Congratulations on the 60-year-old !: The bizarre beginnings of the sports show


Congratulations on the 60 year old!
The bizarre beginnings of the sports show

It was a premiere with almost complete exclusion of the television public: When the ARD sports show first went on air on June 4, 1961, the TV monopoly at the time hid the new product on ARD 2. A niche channel. Incredible actually.

There is no time for a celebration. When the most important and most successful sports broadcast in the republic turns 60 today, the “Sportschau” team is in the final sprint of preparation for the European Football Championship. And on Saturday there is also no edition of the ARD classic. Because the Bundesliga is paused – the heart of the “Sportschau”.

Without the Bundesliga, the show would not have become such a TV legend. The league did not even exist when the “Sportschau” was broadcast for the first time on June 4, 1961 – a Sunday. Short films in black and white about handball, rowing, cycling and sand track riding, broadcast on Sunday evening at 9.45 p.m. – that was all for now. Broadcast on ARD 2. A niche channel that only ten percent of those interested in sports could receive at the time and whose frequencies fell to ZDF almost two years later.

Football appeared for the first time after eight broadcasts, with the game Tasmania Berlin against Altona 93. It was not until 1965 that the German Football Association allowed moving images from the Bundesliga, when the league was already two years old. “The Sportschau was only allowed to show three games at the time, because the DFB took the erroneous view that if more football was shown, fewer people would go to the stadium. The opposite turned out to be correct,” says the long-time WDR sports director and “Sportschau” presenter Heribert Fassbender.

“The heroes of that time”

The way of working in the first years of the sports show seems adventurous today in the digital age. “At half-time, a motorcyclist picked up the first film rolls to take them to the Kopierwerk in Cologne. The second sometimes risked head and neck after the game. Those were the heroes of the time,” says Fassbender.

It was the time of moderators like Ernst Huberty and Addi Furler, and later of Faßbender (“‘n Abend everyone”). They became television stars like Peter Frankenfeld and Hans Rosenthal. Up to 15 million people watched the “Sportschau” – “without the viewers in the GDR that have not yet been recorded by the audience research,” says Fassbender. “It was sports show time on Saturdays between 6 p.m. and 7 p.m. at that time. You weren’t even allowed to call your aunt,” he says with a smile.

Every football fan over the decades has his own connection with the “Sportschau”. “I can really remember my childhood, even when I was younger than ten, when I sat at home with my father and watched the” sports show “,” said Jessy Wellmer (41) shortly before her first moderation of the Saturday edition four years ago . She described the program as “the country’s cultural heritage”.

The importance of the Bundesliga for the “Sportschau” was particularly evident in its worst crisis. “The private broadcasters drove up the rights costs enormously and secured the rights to the top German soccer class,” Faßbender remembers. In the time of RTL from 1988 the “Sportschau” could still show pictures from the Bundesliga. The private broadcaster had the first area code. “But for some time we still had higher ratings than the show” Anpfiff “, which lasted up to three hours and for which the final whistle was again after four years for cost reasons,” says Fassbender.

“Still a family event”

When Sat.1 then summarized the Bundesliga on “ran”, the “Sportschau” had to get by temporarily without moving Bundesliga images. The audience ratings dropped drastically because viewers were only offered photos of Bundesliga results read aloud. In 2003 the “Sportschau” celebrated a comeback thanks to the return of the Bundesliga reports, and the TV myth came to life again.
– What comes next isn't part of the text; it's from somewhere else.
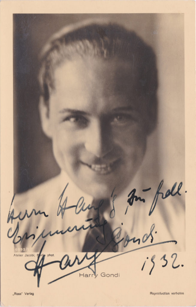 Der Schauspieler Harry Gondi war als Theaterschauspieler tätig, als er bereits 1921 mit dem Film Die Fremde aus der Elstergasse sein Filmdebüt gab. Doch es dauerte bis 1927, ehe er regelmäßig vor der Kamera agierte. In den 1930er Jahren folgten weitere sporadische Filmauftritte, doch seine Aufmerksamkeit galt nach wie vor dem Theater.
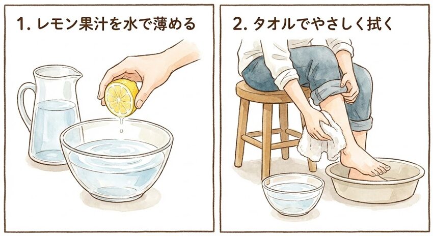 レモンは酸性の液体で、柑橘特有のさわやかな香りがニオイを一時的にマスクしてくれます。拭いた直後の清涼感から、「すっきりした」「サンダルを履く前のケアにちょうどいい」と感じる方も多い方法です。

“It’s still a family event,” says Steffen Simon. The current director of the show, previously under contract in private television, asked the rhetorical question: “Can you get children to linear television? Yes, with the” Sportschau “. We survived the i-phone, which is perhaps the greatest achievement. “

On average, 4.789 million people watched in the past season. Only a few live broadcasts attract more sports enthusiasts to the screen. Thanks to the TV rights acquired in the previous year, the “Sportschau” can lure an audience of millions in front of the screen on Saturday afternoon for at least four more years.

And thanks to further rights, there will be further offshoots from the summer – in addition to the Sunday edition in the first. On Fridays from 10:30 p.m. on the ARD special-interest channel One, summaries of the 2nd Bundesliga will be available under the name of the sports classic, and highlight clips on the Internet at “sportschau.de” and in the app on Mondays from midnight.